Die Erkenntnisse könnten die laufende Debatte rund um die Verschlüsselung von Mobiltelefonen beeinflussen. Während Apple diesbezüglich weiter im Clinch mit dem FBI liegt, war auch von französischen Behörden der Ruf nach Hintertüren lauter geworden. Auch in anderen Ländern entbrannten ähnliche Diskussionen. Doch wie es aussieht, verließen sich die Attentäter von Paris bei ihrem Vorgehen wohl gar nicht erst auf Verschlüsselung, analysiert nun Ars Technica. Sie setzten auf Wegwerf-Handys.

Entsorgtes Handy vor Bataclan entdeckt

In der französischen Hauptstadt arbeiteten im Vorfeld der Bluttaten drei Teams zusammen, die in puncto Kommunikation mit hoher Disziplin vorgingen. Sie besorgten sich neue, billige Mobiltelefone mit Prepaid-SIM-Karten, die sie nur kurze Zeit verwendeten und anschließend entsorgten.

Außerhalb des Bataclan, in dem die Attentäter das Feuer auf Besucher eines Konzerts eröffneten, hatten Ermittler etwa ein Samsung-Handy mit belgischer SIM-Karte in einem Mistkübel entdeckt, die erst am Tage des Anschlags aktiviert worden war. Lediglich eine Telefonnummer war damit kontaktiert worden.

Wegwerftelefone auf Vorrat

Überall, wo die Attentäter sich länger aufgehalten hatten, fand man Telefone, die noch frisch verpackt waren. Ein weiteres Detail: Auf keinem benutzten Gerät, das man aufspüren konnte, waren E-Mails oder Messenger-Nachrichten entdeckt worden. Dies legt nahe, dass den Terroristen das Risiko der Überwachung über derlei Kanäle zu hoch war.

Doch anstatt verschlüsselt zu kommunizieren, verließ man sich offenbar ganz "altmodisch" auf Anrufe. Während die Möglichkeit, einfach Messenger mit integrierter Verschlüsselung zu nutzen, relativ neu ist, ist die Verwendung der Wegwerf-Handys eine altbewährte Taktik.

Vermutlich keine Verschlüsselung

Den einzigen Hinweis auf möglichen Verschlüsselungseinsatz liefert eine Augenzeugin, die einen Terroristen beim Einschalten eines Laptops beobachtet hat. Laut ihrer Aussage zeigten sich am Bildschirm lauter Zeilen voller unidentifizierbarem Code.

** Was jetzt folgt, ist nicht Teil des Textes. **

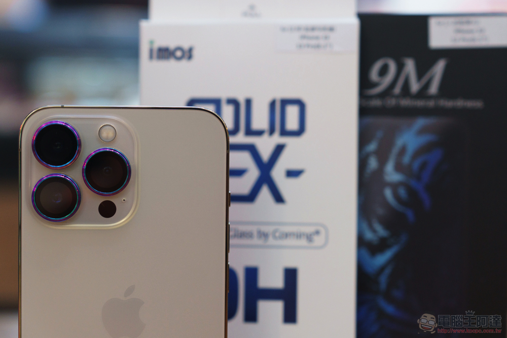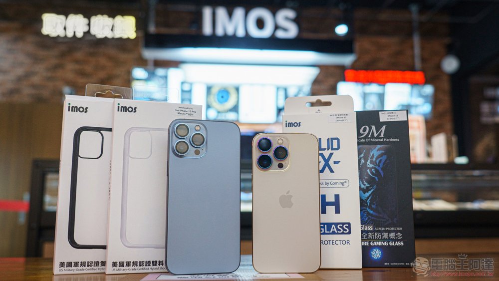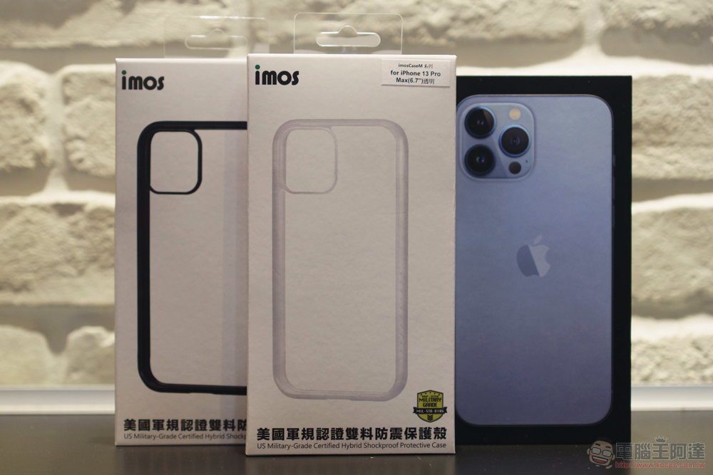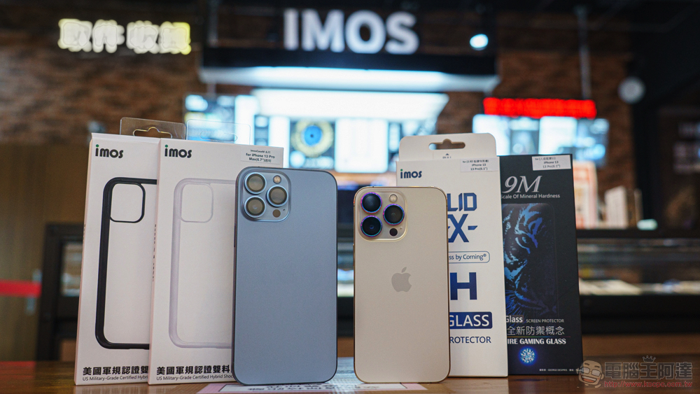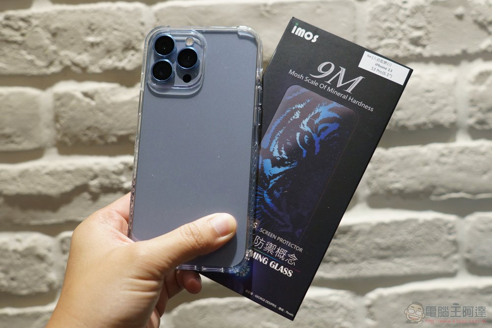 針對今年的 iPhone 13,imos 準備了「康寧玻璃保護貼」、「藍寶石螢幕保護貼」、「藍寶石金屬框鏡頭保護貼」及「軍規保護殼全防護」的全套配件 - 沒錯,連軍規防摔的殼都有,真的是防護得很徹底。

Während die New York Times darin Ähnlichkeiten zu bestimmten Verschlüsselungsprogrammen ausmacht, die der IS nach eigenen Angaben nutzt, weist ein ehemaliger Ars Technica-Redakteur darauf hin, dass der Rechner wohl einfach nur mit erweiterter Startprotokollierung hochgefahren wurde. Bei Cryptosoftware wären Nachrichten erkennbar gewesen, weil diese ja dazu dient, sie vorher zu dekodieren. (gpi, 22.03.2016)

  • Die Attentäter von Paris setzten auf Wegwerfhandys, Hinweise auf umfassenden Einsatz von Verschlüsselung gibt es bislang nicht.

    Die Attentäter von Paris setzten auf Wegwerfhandys, Hinweise auf umfassenden Einsatz von Verschlüsselung gibt es bislang nicht.